Saved entries:
== Segment start ==

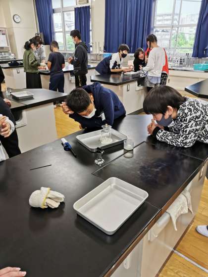 6年生では理科でものの燃え方のちがいを確かめる実験をしています。
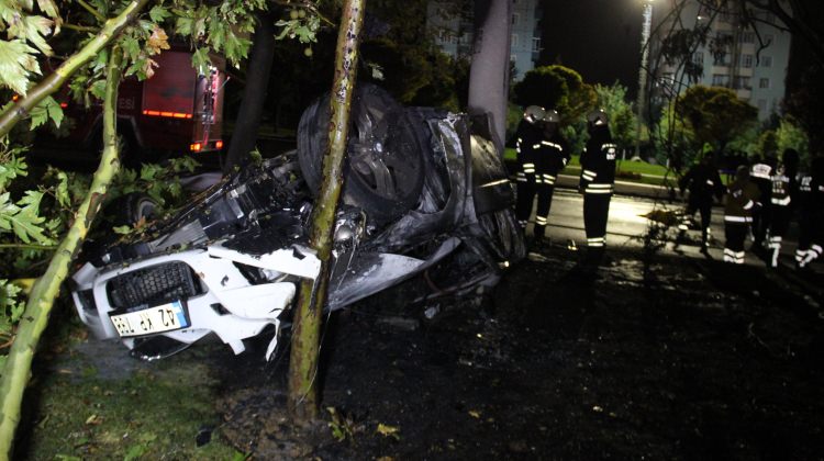 Elektrik direğine çarparak alev alan araç içerisinde bulunan 5 kişiden 3’ü yanarak can verirken, 2 kişi ise ağır yaralandı.
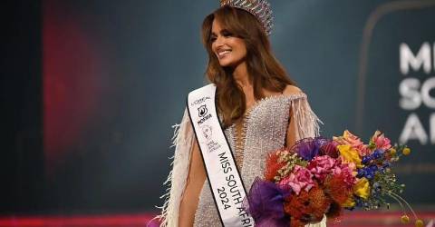 Mia Le Roux, 28 anos, nascida em Sasolburgo, na província de Free State, modelo e estudante de marketing, foi coroada, sábado, Miss África do Sul 2024, num glamoroso evento realizado na Arena Sun Bet, na cidade de Pretória, província de Gauteng.
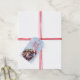 Auf diesen lustigen Weihnachtsgeschenktafeln liefert ein als Weihnachtsmann verkleideter Dinosaurier Geschenkpakete. Der stylisierte rote Text über dem Bild sagt "Jingle all the Way". Bild und Text werden auf einem himmelblauen Aquarellhintergrund platziert. Auf der Rückseite des Tags befindet sich ein anderes Bild des Dinosauriers und Ihr eigener Text.
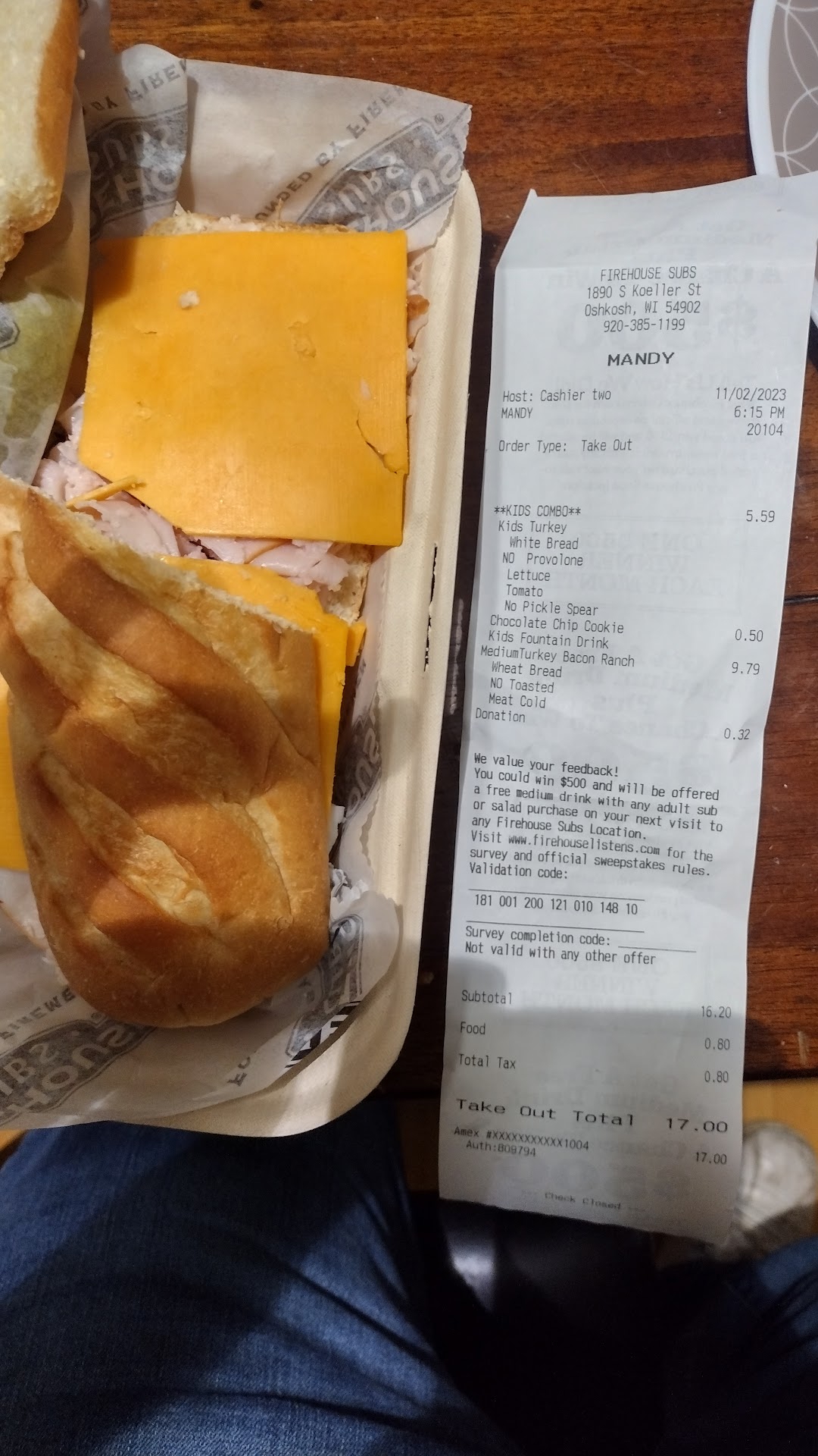 Read moreI don't normally give such a low rating. The food was just OK. The staff is required to say "welcome to firehouse subs" each time a customer comes in the door. The greeting was said with such unenthused voices - my son said they sounded dead inside. Better to have no greeting to than be forced to say anything. Made you wonder if they disliked working there so much how was the food going to taste. We ordered the chicken and dumpling soup as our side. The container was only 1/2 full. When I questioned it I was told no that is the bowl size not the cup size. Very disappointing. But maybe it was good that we got such a small amount because it was TERRIBLE! It tasted like plastic - like it had been put into a plastic bag when it was hot then sealed tight which made it take on the flavor of the bag! My son worked at one of the better restaurants in Oshkosh and he tasted it and said yeah he got that same flavor and it didn't really taste like chicken. Avoid the soup if you go. might try a different location for the sandwich but never...
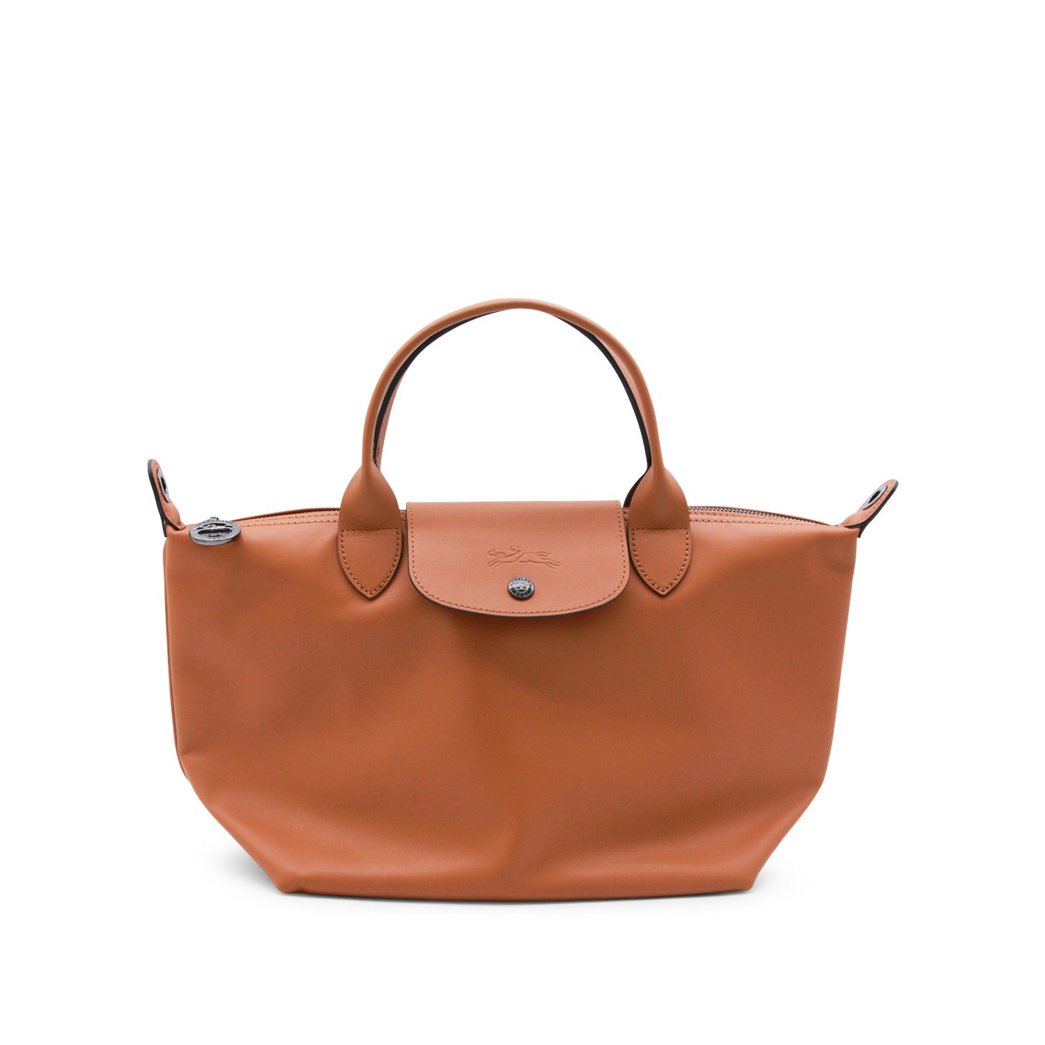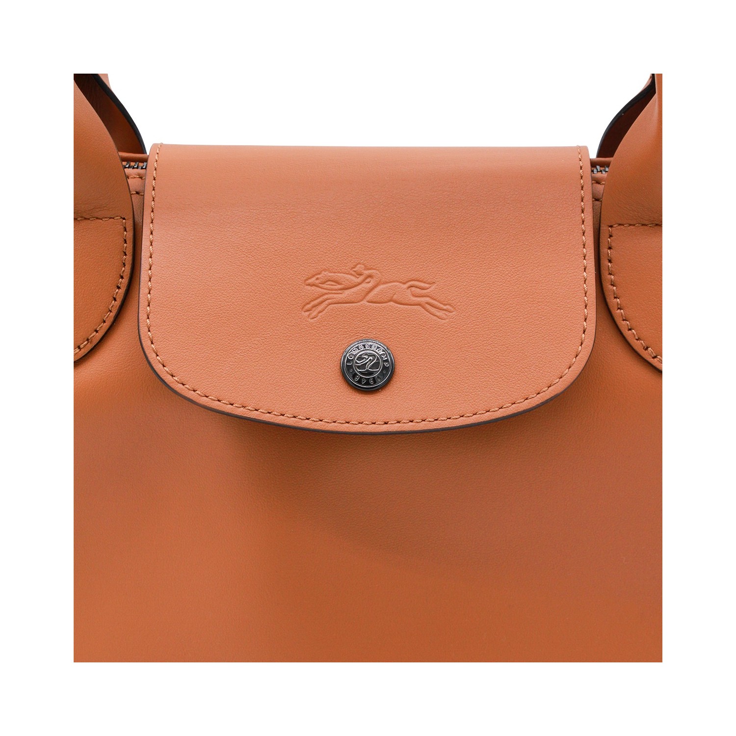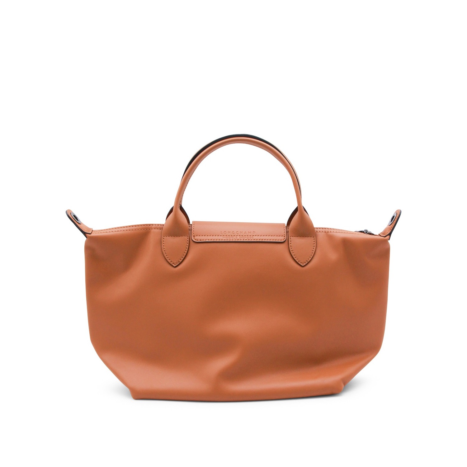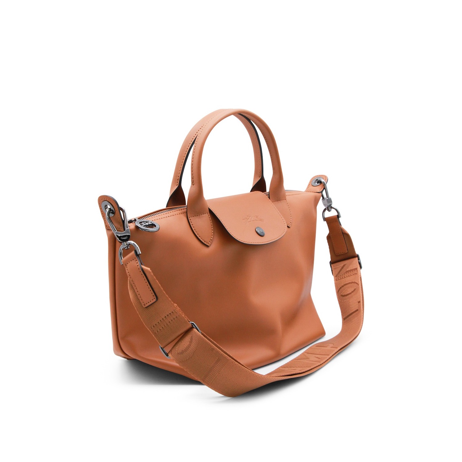 Cognac Le Pliage Energy - Sac Man S tote from Longchamp featuring top handles, foldover top with snap closure, zip fastening, foldable design, brown leather details, internal zipped pocket and black hardware.
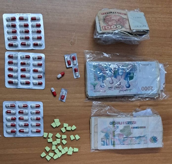 العملية مكنت من توقيف المشتبه فيهم و حجز 82 قرص مهلوس (بريقابالين + إكستازي)، سلاح أبيض محظور من الحجم الكبير (سيف)، مبلغ مالي من عائدات الترويج.
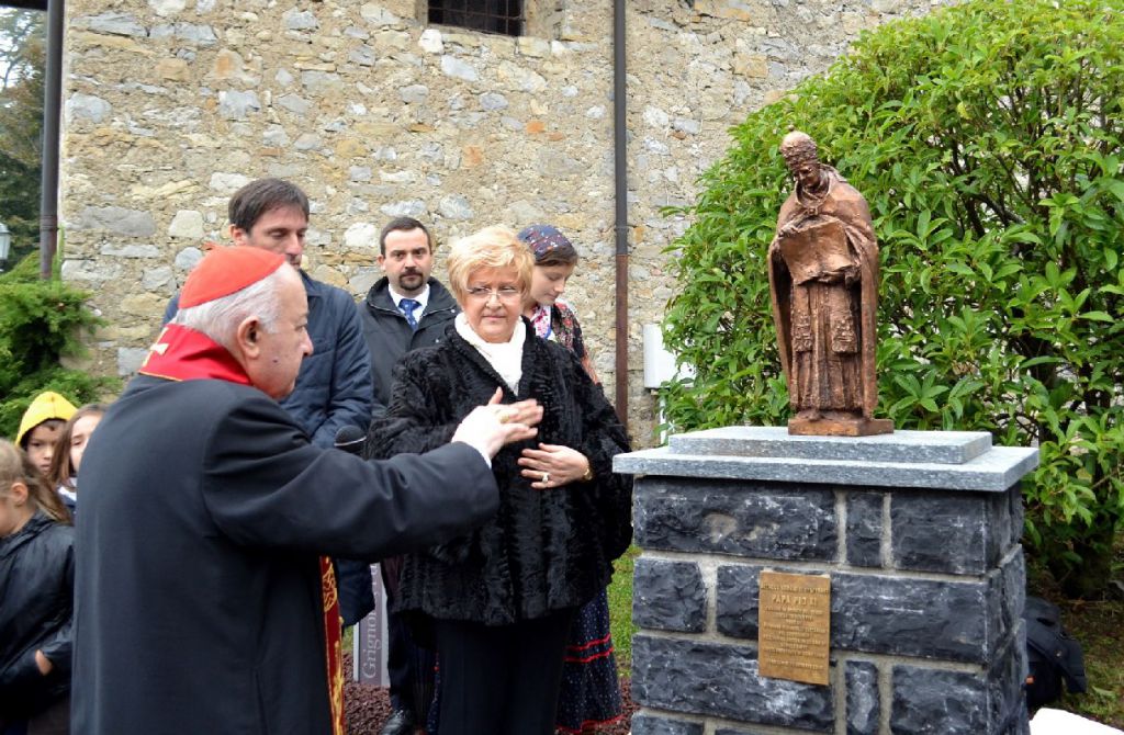 Successivamente nel piccolo parco intitolato allo scultore Michele Vedani, a sua volta assiduo frequentatore di Esino Lario, è stato scoperto e benedetto dal cardinale Tettamanzi il monumento dedicato a Pio XI, fusione in bronzo ricavata dal bozzetto in gesso eseguito nel 1936 proprio dal maestro Vedani (da questa stessa scultura è stata riprodotta la statua in marmo di Papa Ratti custodita nel Duomo di Milano). L’inaugurazione è stata preceduta dagli interventi del sindaco Giovanni Dell’Era (“quello del futuro Papa Pio XI è stato un legame indissolubile con Esino e con il nostro territorio”), del sottosegretario regionale all’Expo 2015 Fabrizio Sala (“è importante lanciare messaggi storici e culturali e in tal senso un monumento qual è quello che Esino inaugura in questo parco serve a lasciare a chi verrà un segno tangibile”) e di Giovanna Barindelli. Poi una foto ricordo e il congedo, sotto una leggera pioggia e con la banda di Esino che eseguiva il “Signore delle cime”.

== Segment end ==

Your answer must consist of the entries, unchanged, with no pictures in it.

RESPONSE BOX:
 6年生では理科でものの燃え方のちがいを確かめる実験をしています。
 Elektrik direğine çarparak alev alan araç içerisinde bulunan 5 kişiden 3’ü yanarak can verirken, 2 kişi ise ağır yaralandı.
 Mia Le Roux, 28 anos, nascida em Sasolburgo, na província de Free State, modelo e estudante de marketing, foi coroada, sábado, Miss África do Sul 2024, num glamoroso evento realizado na Arena Sun Bet, na cidade de Pretória, província de Gauteng.
 Auf diesen lustigen Weihnachtsgeschenktafeln liefert ein als Weihnachtsmann verkleideter Dinosaurier Geschenkpakete. Der stylisierte rote Text über dem Bild sagt "Jingle all the Way". Bild und Text werden auf einem himmelblauen Aquarellhintergrund platziert. Auf der Rückseite des Tags befindet sich ein anderes Bild des Dinosauriers und Ihr eigener Text.
 Read moreI don't normally give such a low rating. The food was just OK. The staff is required to say "welcome to firehouse subs" each time a customer comes in the door. The greeting was said with such unenthused voices - my son said they sounded dead inside. Better to have no greeting to than be forced to say anything. Made you wonder if they disliked working there so much how was the food going to taste. We ordered the chicken and dumpling soup as our side. The container was only 1/2 full. When I questioned it I was told no that is the bowl size not the cup size. Very disappointing. But maybe it was good that we got such a small amount because it was TERRIBLE! It tasted like plastic - like it had been put into a plastic bag when it was hot then sealed tight which made it take on the flavor of the bag! My son worked at one of the better restaurants in Oshkosh and he tasted it and said yeah he got that same flavor and it didn't really taste like chicken. Avoid the soup if you go. might try a different location for the sandwich but never...
 Cognac Le Pliage Energy - Sac Man S tote from Longchamp featuring top handles, foldover top with snap closure, zip fastening, foldable design, brown leather details, internal zipped pocket and black hardware.
 العملية مكنت من توقيف المشتبه فيهم و حجز 82 قرص مهلوس (بريقابالين + إكستازي)، سلاح أبيض محظور من الحجم الكبير (سيف)، مبلغ مالي من عائدات الترويج.
 Successivamente nel piccolo parco intitolato allo scultore Michele Vedani, a sua volta assiduo frequentatore di Esino Lario, è stato scoperto e benedetto dal cardinale Tettamanzi il monumento dedicato a Pio XI, fusione in bronzo ricavata dal bozzetto in gesso eseguito nel 1936 proprio dal maestro Vedani (da questa stessa scultura è stata riprodotta la statua in marmo di Papa Ratti custodita nel Duomo di Milano). L’inaugurazione è stata preceduta dagli interventi del sindaco Giovanni Dell’Era (“quello del futuro Papa Pio XI è stato un legame indissolubile con Esino e con il nostro territorio”), del sottosegretario regionale all’Expo 2015 Fabrizio Sala (“è importante lanciare messaggi storici e culturali e in tal senso un monumento qual è quello che Esino inaugura in questo parco serve a lasciare a chi verrà un segno tangibile”) e di Giovanna Barindelli. Poi una foto ricordo e il congedo, sotto una leggera pioggia e con la banda di Esino che eseguiva il “Signore delle cime”.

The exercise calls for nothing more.